*** Opening of DATA TO USE ***

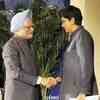 Prime Minister Manmohan Singh shakes hand with PepsiCo CEO Indra Nooyi at the USIBC meet, in Washington DC. PTI Photo (PTI)
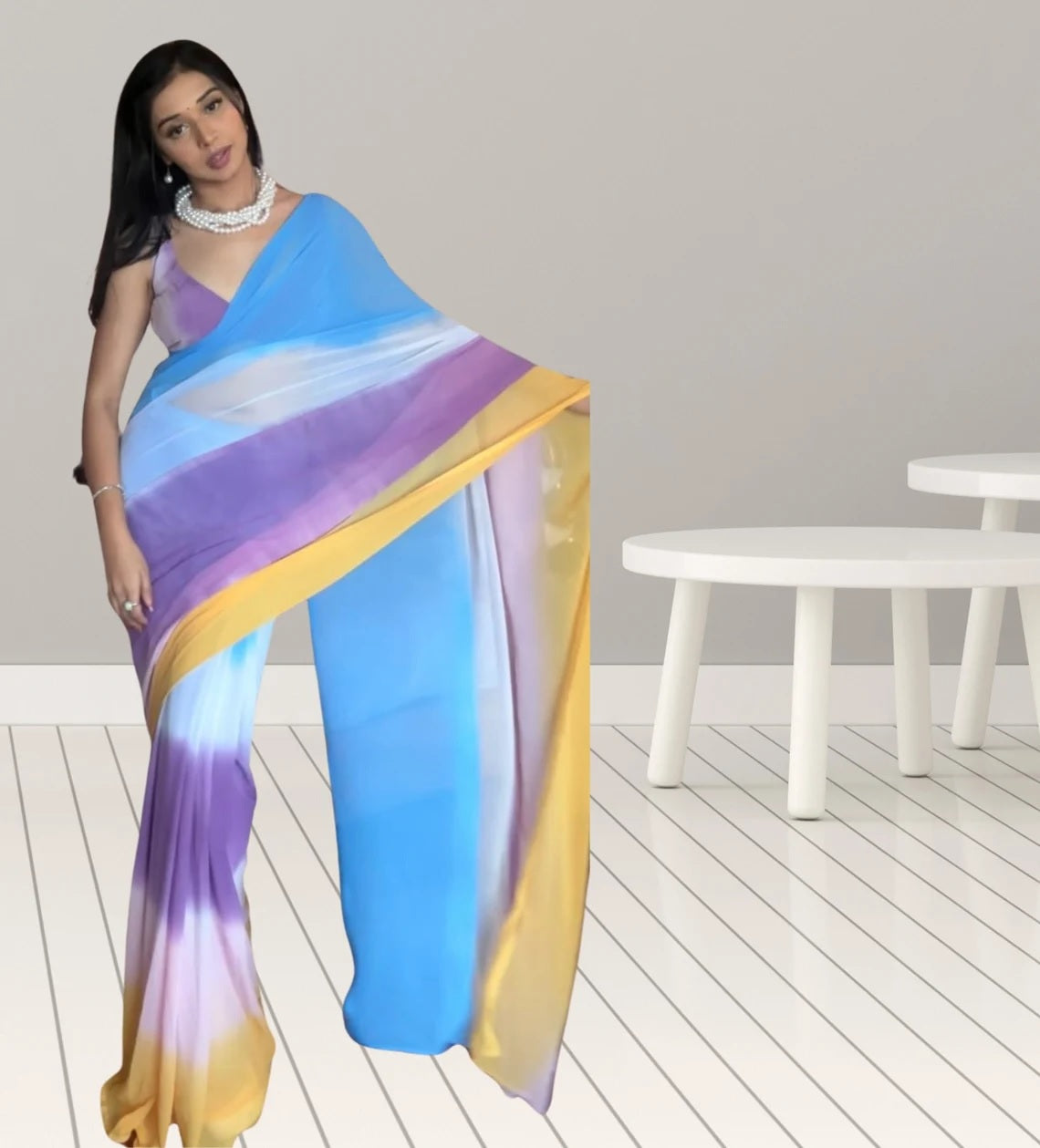 Pure Soft Georgette Silk With Multi Color Ready To Wear Saree
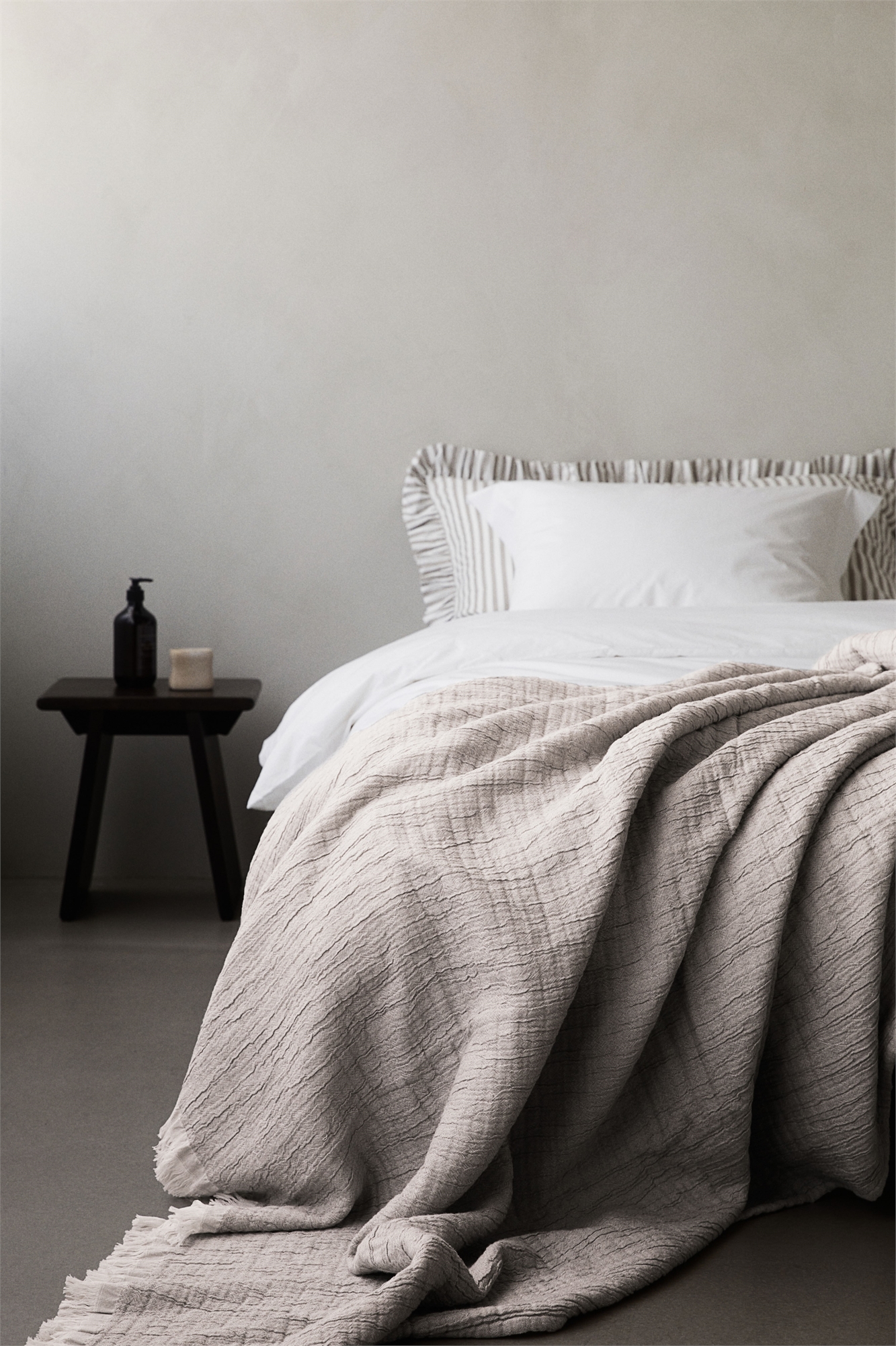 Односпальное покрывало из хлопковой смеси с воздушным, мягким плетением и бахромой по коротким сторонам.
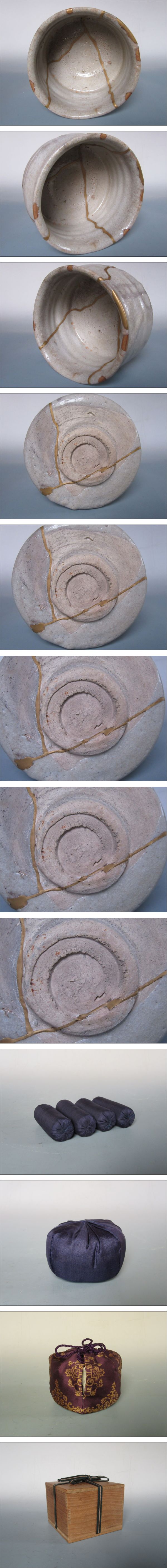 | 商品説明 | *品名: 桃山時代 絵志野桧垣文茶碗 *寸法: 口径約11.4~11.8cm / 高さ約7.8~8.1cm *状態: 金継、共直し(呼継ぎではありません) *附属 : 桐箱、仕覆、中込、柱 ・商品の簡単な説明 桃山時代、伝世、絵志野桧垣文茶碗です。瀬戸黒と器形の良く似た初期の志野茶碗で す。三片に割れた陶片が一碗に金継ぎ共直しされています。 完好状態の伝世絵志野のお茶碗でお茶を頂ける機会はそう多くはないと思います。 例え、直しのものでも普段使いのお茶碗としてお茶を点てられる喜びはひとしお でしょう。このお茶碗で至福のひと時をお楽しみください。 皆様どうぞよろしくお願いいたします。 |
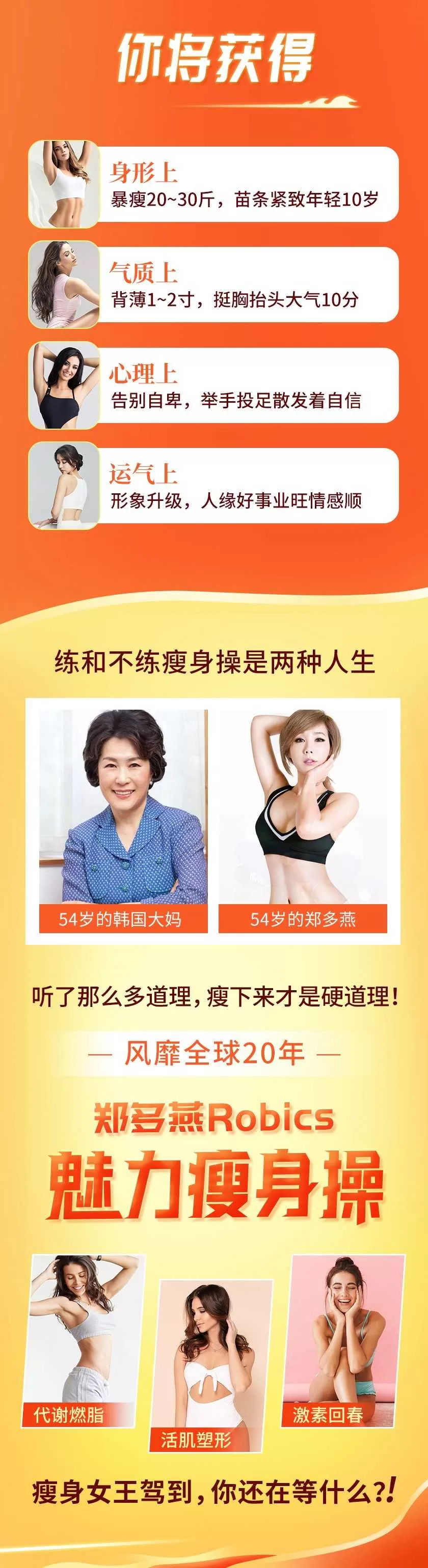 郑多燕全新研制的课程Robics瘦身操,完美结合有氧无氧运动,减脂塑形一步到位!
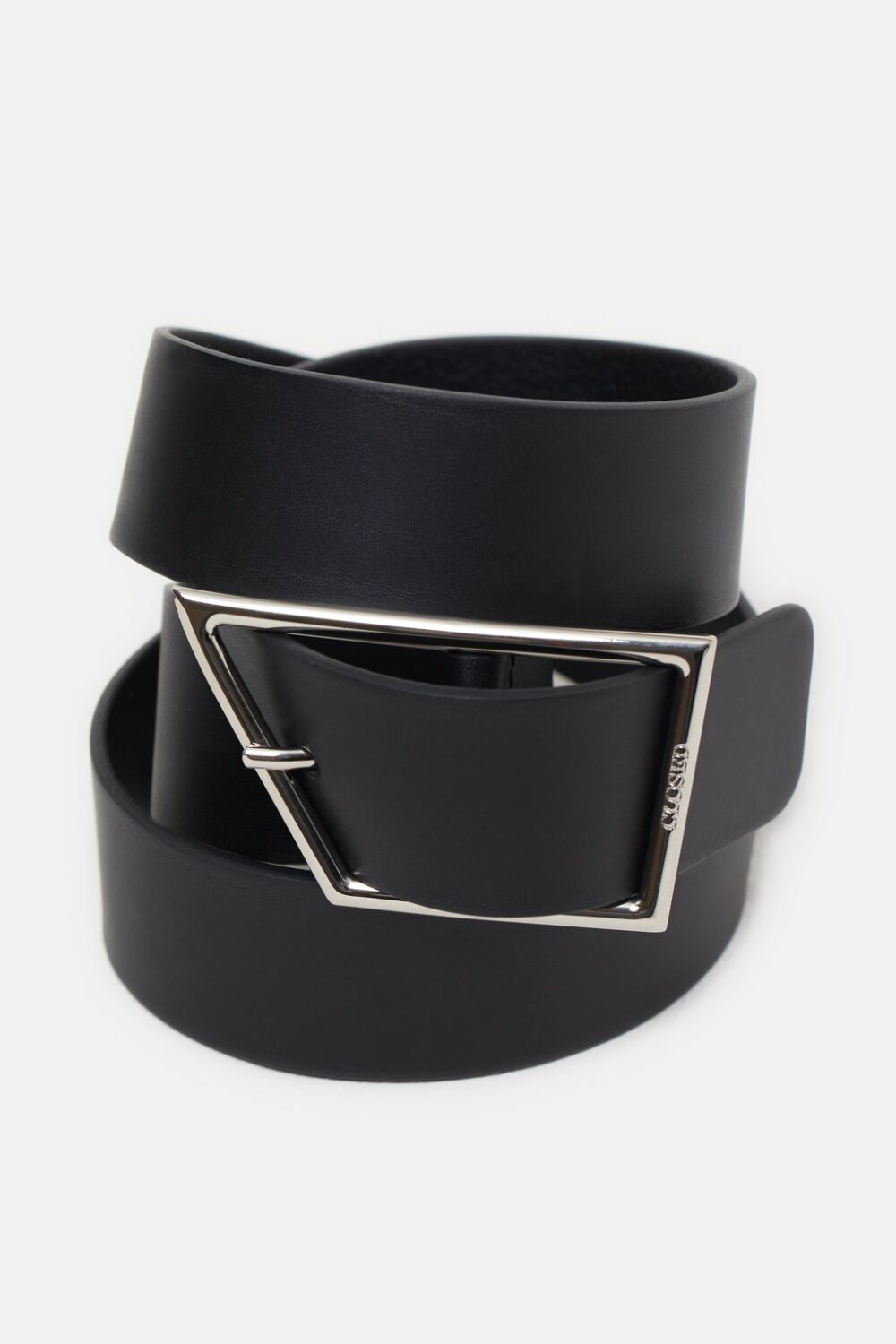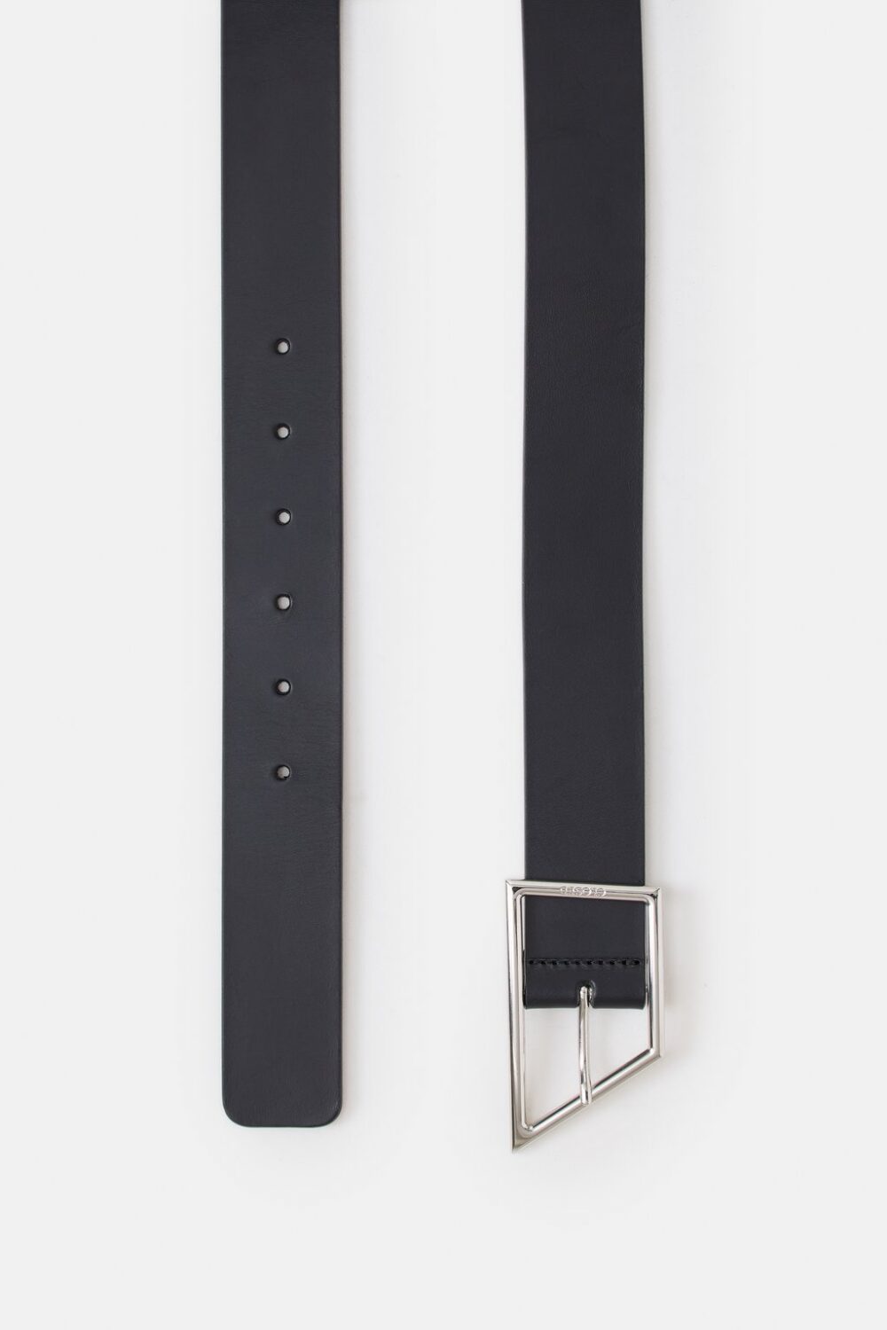 Belt made from Italian leather. With asymmetric metal pin buckle and polished edges. Made in Italy.
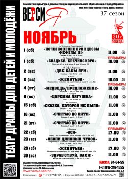Уважаемые зрители! В нашем репертуаре на ноябрь произошли изменения. Вместо спектакля «ИСЧЕЗНОВЕНИЕ ПРИНЦЕССЫ ФЕФЕЛЫ III» 1 ноября будет показан спектакль […]

*** Close of DATA TO USE ***

### HOW TO COMPLETE THIS TASK
Leave the pictures behind and repeat each entry exactly.

### SOLUTION TO THIS PROBLEM
 Prime Minister Manmohan Singh shakes hand with PepsiCo CEO Indra Nooyi at the USIBC meet, in Washington DC. PTI Photo (PTI)
 Pure Soft Georgette Silk With Multi Color Ready To Wear Saree
 Односпальное покрывало из хлопковой смеси с воздушным, мягким плетением и бахромой по коротким сторонам.
 | 商品説明 | *品名: 桃山時代 絵志野桧垣文茶碗 *寸法: 口径約11.4~11.8cm / 高さ約7.8~8.1cm *状態: 金継、共直し(呼継ぎではありません) *附属 : 桐箱、仕覆、中込、柱 ・商品の簡単な説明 桃山時代、伝世、絵志野桧垣文茶碗です。瀬戸黒と器形の良く似た初期の志野茶碗で す。三片に割れた陶片が一碗に金継ぎ共直しされています。 完好状態の伝世絵志野のお茶碗でお茶を頂ける機会はそう多くはないと思います。 例え、直しのものでも普段使いのお茶碗としてお茶を点てられる喜びはひとしお でしょう。このお茶碗で至福のひと時をお楽しみください。 皆様どうぞよろしくお願いいたします。 |
 郑多燕全新研制的课程Robics瘦身操,完美结合有氧无氧运动,减脂塑形一步到位!
 Belt made from Italian leather. With asymmetric metal pin buckle and polished edges. Made in Italy.
Уважаемые зрители! В нашем репертуаре на ноябрь произошли изменения. Вместо спектакля «ИСЧЕЗНОВЕНИЕ ПРИНЦЕССЫ ФЕФЕЛЫ III» 1 ноября будет показан спектакль […]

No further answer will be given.